It seems there is huge pressure that comes with being :
1) AAA 2)Exclusive 3)New IP
It seems there is a sort of crack down on what the developers tried to achieve with this game.
If this were an indie/budget title it wouldn't get nearly as much flame but could actually be praised to the heavens.
Journey,the walking dead,gone home were all such games that are championed for being different.
The Order's status entailed a lot of expectations.A strict definition of what constitutes a game is being artificially applied in full force here.
It needed to be long,beefy and with a support of multitudes of online modes.It needed to be a "hardcore game".
I don't think there is anything wrong with a game being focused on sheer audio/visual beauty.Part of the enjoyment of art is simply taking everything in and appreciating it for what is.There doesn't need to be a consumerist view when evaluating everything that pertains to art.
We really need to get this out of the way: journalists are not reviewing the Order poorly because it does things
differently.
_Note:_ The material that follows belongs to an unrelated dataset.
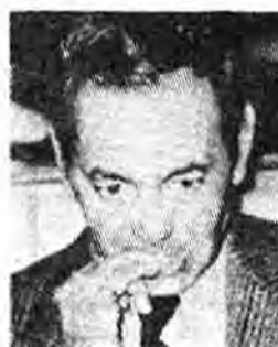
شهردار البیضاء در مراکش و...
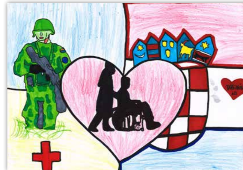
Tara Peček , 5.d / Osnovna škola Ksavera Šandora Gjalskog Zabok

There are games that do things differently, even things the Order does, even games that came out for $60, even games that were short, cinematic experiences, that were not nearly as trashed.
The actual reviews outline their problems with the game. Let's just go through some of them.
For example, Ready at Dawn chose to use a very close over the shoulder view during gameplay. While it makes the game feel more intimate, this camera location can be problematic during combat scenarios, obscuring your visibility.
Despite the fantasy underpinnings, you only ever come across human adversaries during the shooter sections - and, thanks to a quirk in the story that's never satisfyingly resolved, they're all cockneys and Irishmen who wear bowler hats while exclaiming 'Cor, blimey' (I kid you not) as they're grazed by your bullets. Later, in the tradition of many third-person shooters, some of the more stubborn foot-soldiers find metal hats to wear.
And though these sequences are certainly interactive, The Order: 1886 does little to elevate them beyond their most basic elements. The encounters in which you actually fight the monsters that are billed as such a large part of the game are dwarfed by those in which youre simply whack-a-mole shooting goons. I lost count of the times I traded small-arms fire with waves of hapless guards and fodder until an ally says Thats all of them, and it was time to move on.
That said, it telegraphs its third act badly, and also gives each main character a magical health drink that revives them from almost any injury: pretty much the only thing that gets killed here is the tension.
And so forth.
This isn't "I am reviewing Football Manager and I can't even directly control the quarterback, 3/10." This is reviews saying that they did not find what was there engaging. We can agree that the third-person shooter parts are, you know, third-person shooter parts, right? Why, then, do they still do things that were oldhat by the middle of last generation? The precedence is there to follow, it's not a lack of innovation, it's a lack of ignoring established solutions.
This narrative that the media is out to get games that aren't a certain type, or as you put it
It needed to be long,beefy and with a support of multitudes of online modes.It needed to be a "hardcore game".
is
madness. Shadows of Mordor was short and with no online multiplayer, it won Game of the Year in a ton of places. Long, beefy games like Destiny did not and were mostly panned. The Walking Dead was hailed as a revolution in game design and sweeped awards left and right, it is none of what you described. It's more like The Order than you would probably like to admit, but it doesn't fall down on its execution.
Gaming community, I am begging you, move off the idea that because someone disagrees with you, it is either because they are incompetent or have an agenda that leads to the ruination of all video games. Some people are clearly crazy, some people walk into biases, there is not a systematic institution in place to trash the game you happen to be hyped for at that specific moment. The Order is not being reviewed poorly because the point was missed, the point was just dull.